### MATERIAL SUPPLIED

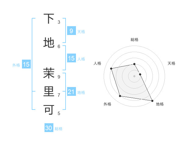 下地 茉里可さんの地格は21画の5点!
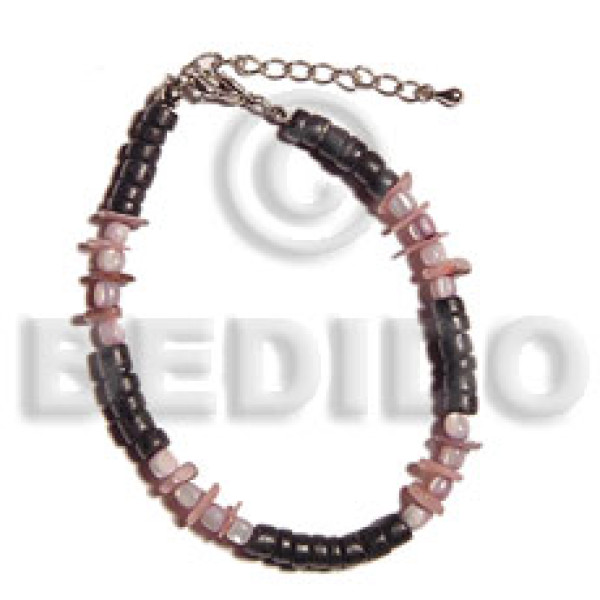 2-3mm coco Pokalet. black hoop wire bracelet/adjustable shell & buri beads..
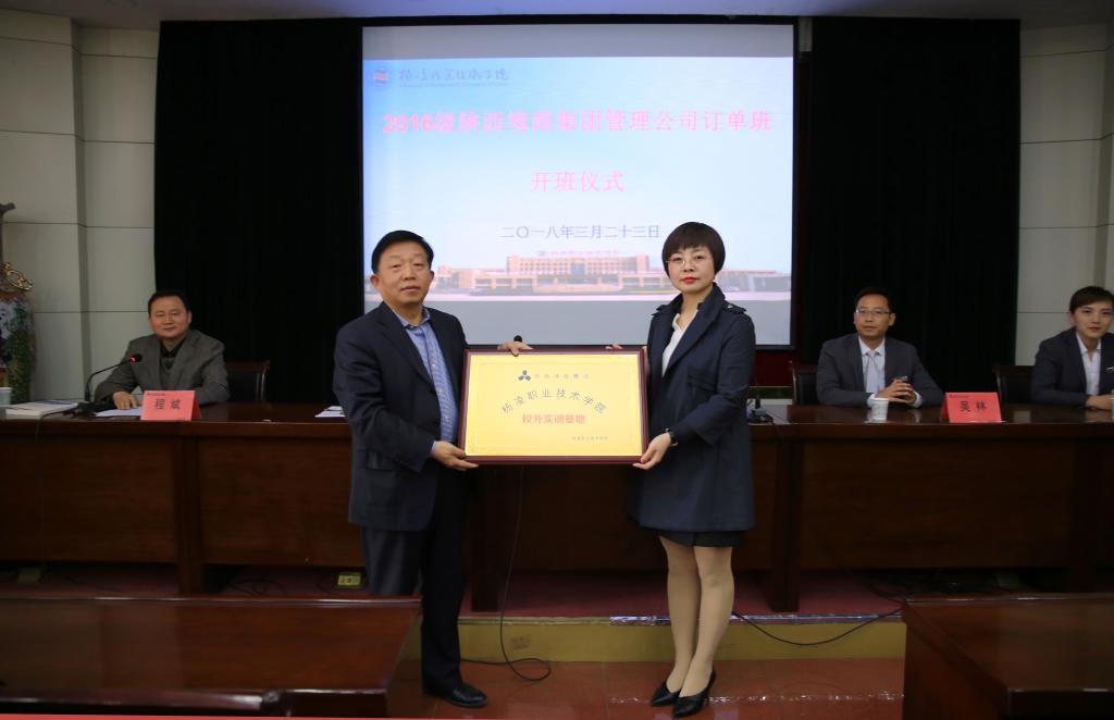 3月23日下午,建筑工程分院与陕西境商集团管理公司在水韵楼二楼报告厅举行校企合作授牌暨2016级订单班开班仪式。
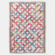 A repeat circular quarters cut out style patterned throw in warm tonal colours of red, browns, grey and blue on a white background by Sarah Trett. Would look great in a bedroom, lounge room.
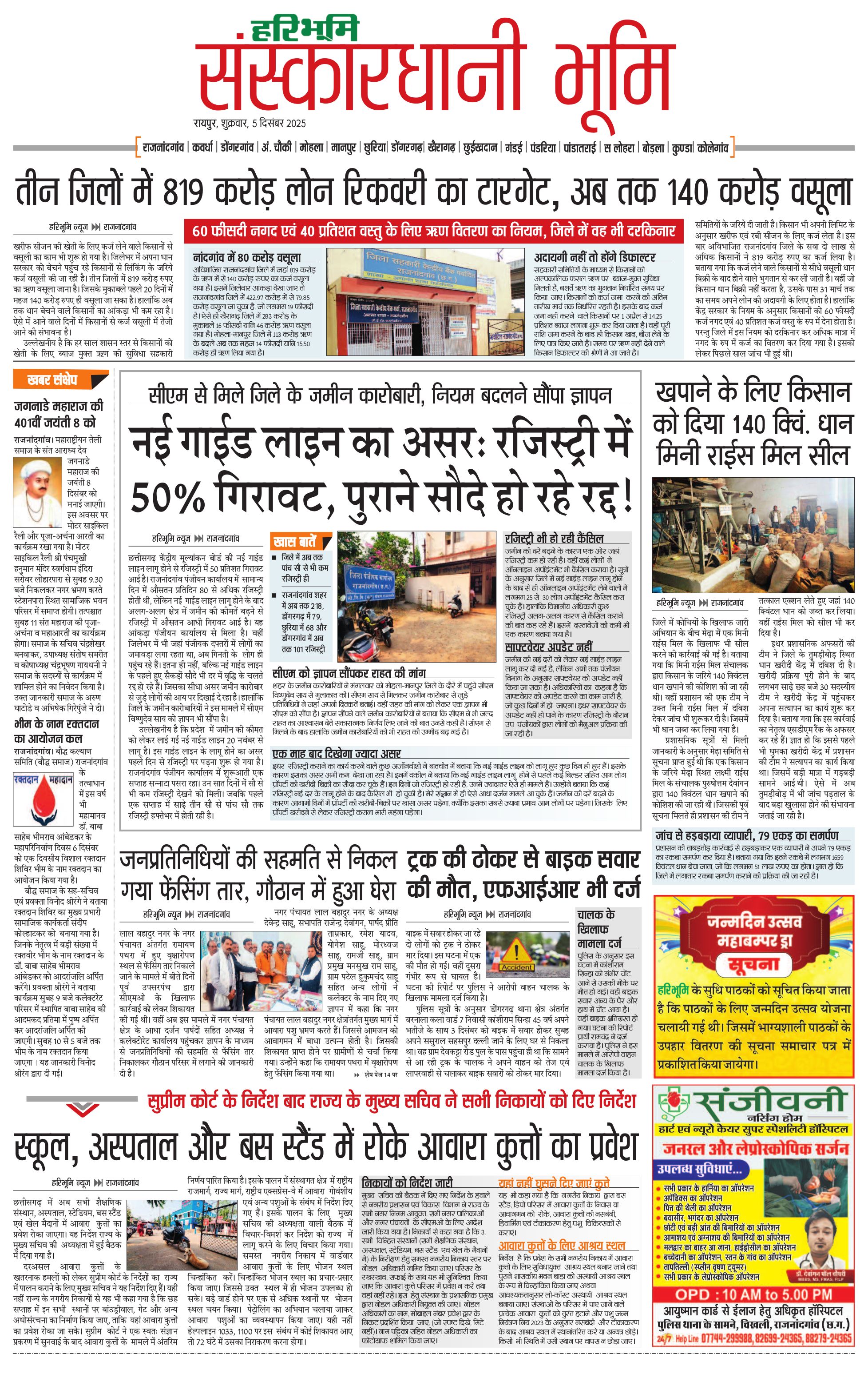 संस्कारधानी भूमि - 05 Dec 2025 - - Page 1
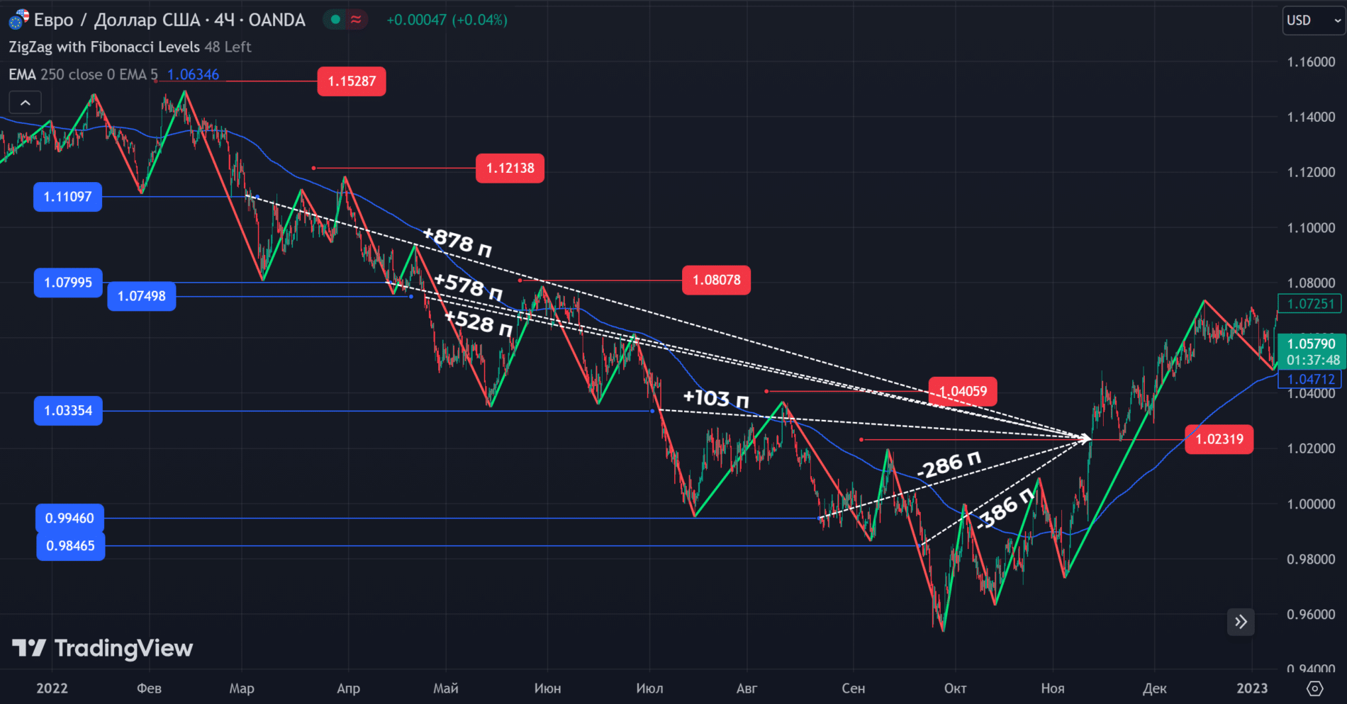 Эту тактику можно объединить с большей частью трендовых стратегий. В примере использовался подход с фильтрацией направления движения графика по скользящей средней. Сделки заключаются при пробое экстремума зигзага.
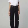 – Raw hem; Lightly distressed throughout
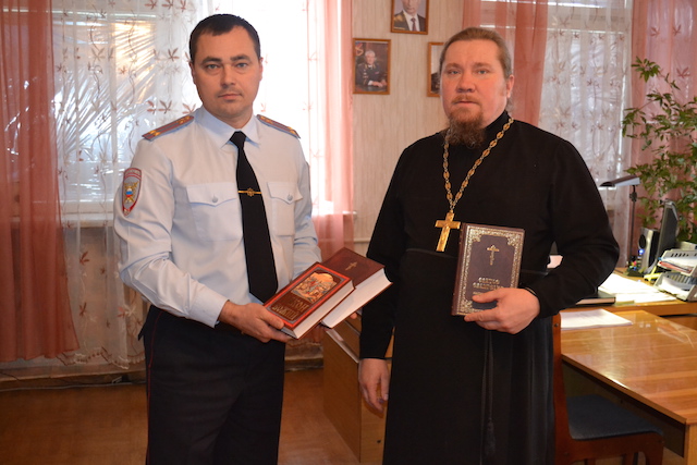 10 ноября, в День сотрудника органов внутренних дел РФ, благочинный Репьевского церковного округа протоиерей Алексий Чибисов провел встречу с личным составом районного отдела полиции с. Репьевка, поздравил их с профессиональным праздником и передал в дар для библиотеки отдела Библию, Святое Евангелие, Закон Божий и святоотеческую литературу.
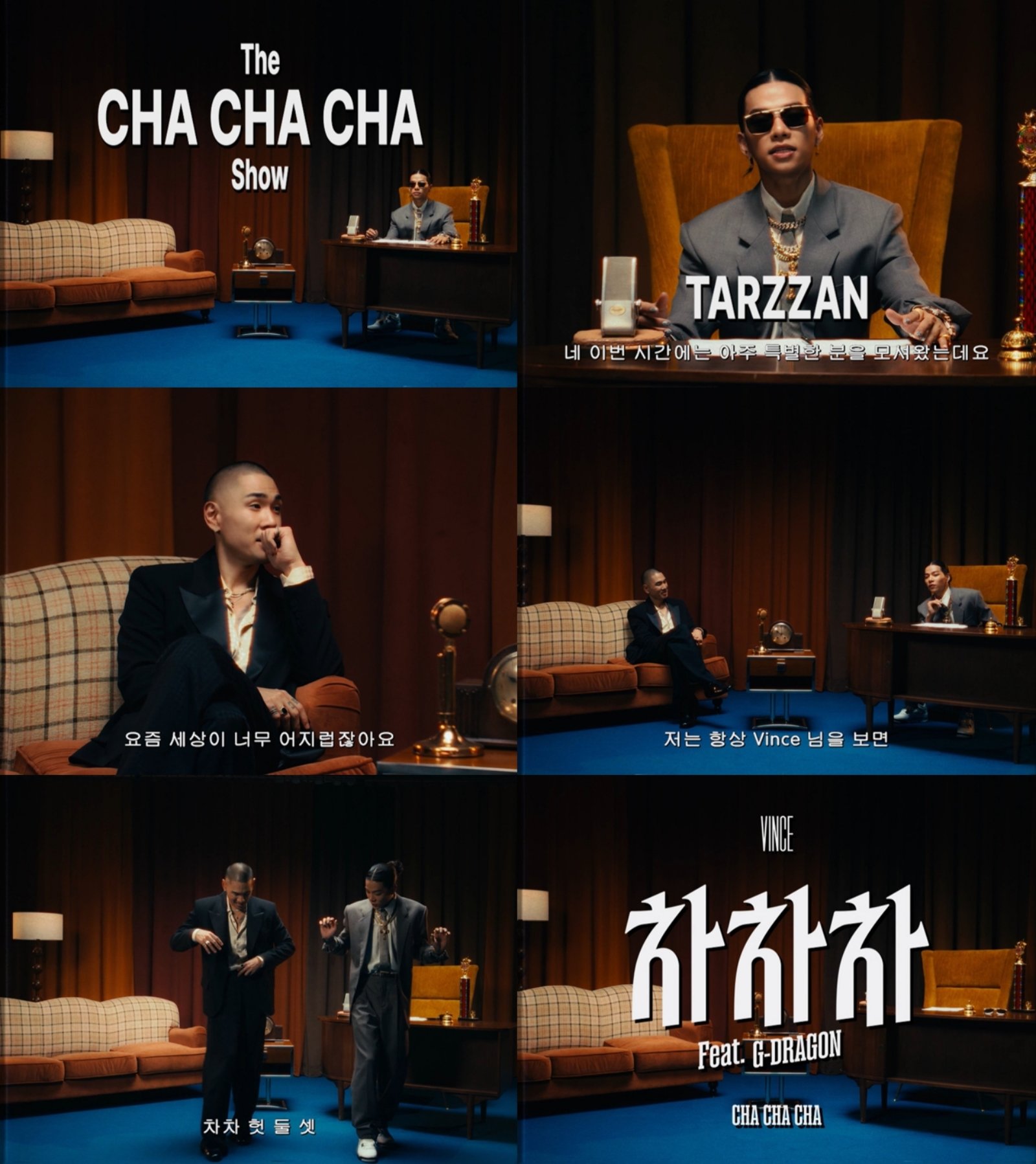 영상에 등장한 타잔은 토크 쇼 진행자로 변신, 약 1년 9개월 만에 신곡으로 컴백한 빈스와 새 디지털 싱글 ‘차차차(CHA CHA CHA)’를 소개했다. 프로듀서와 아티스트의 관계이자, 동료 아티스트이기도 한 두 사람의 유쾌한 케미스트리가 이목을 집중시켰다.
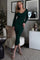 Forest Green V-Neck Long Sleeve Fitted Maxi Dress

######

*EXERCISE OBJECTIVE*: Look above for the line with "Эту тактику можно", then give again exactly every line from there through the line with "Lightly distressed throughout", skipping the pictures.

*RESULT OF THIS TASK*:
 Эту тактику можно объединить с большей частью трендовых стратегий. В примере использовался подход с фильтрацией направления движения графика по скользящей средней. Сделки заключаются при пробое экстремума зигзага.
 – Raw hem; Lightly distressed throughout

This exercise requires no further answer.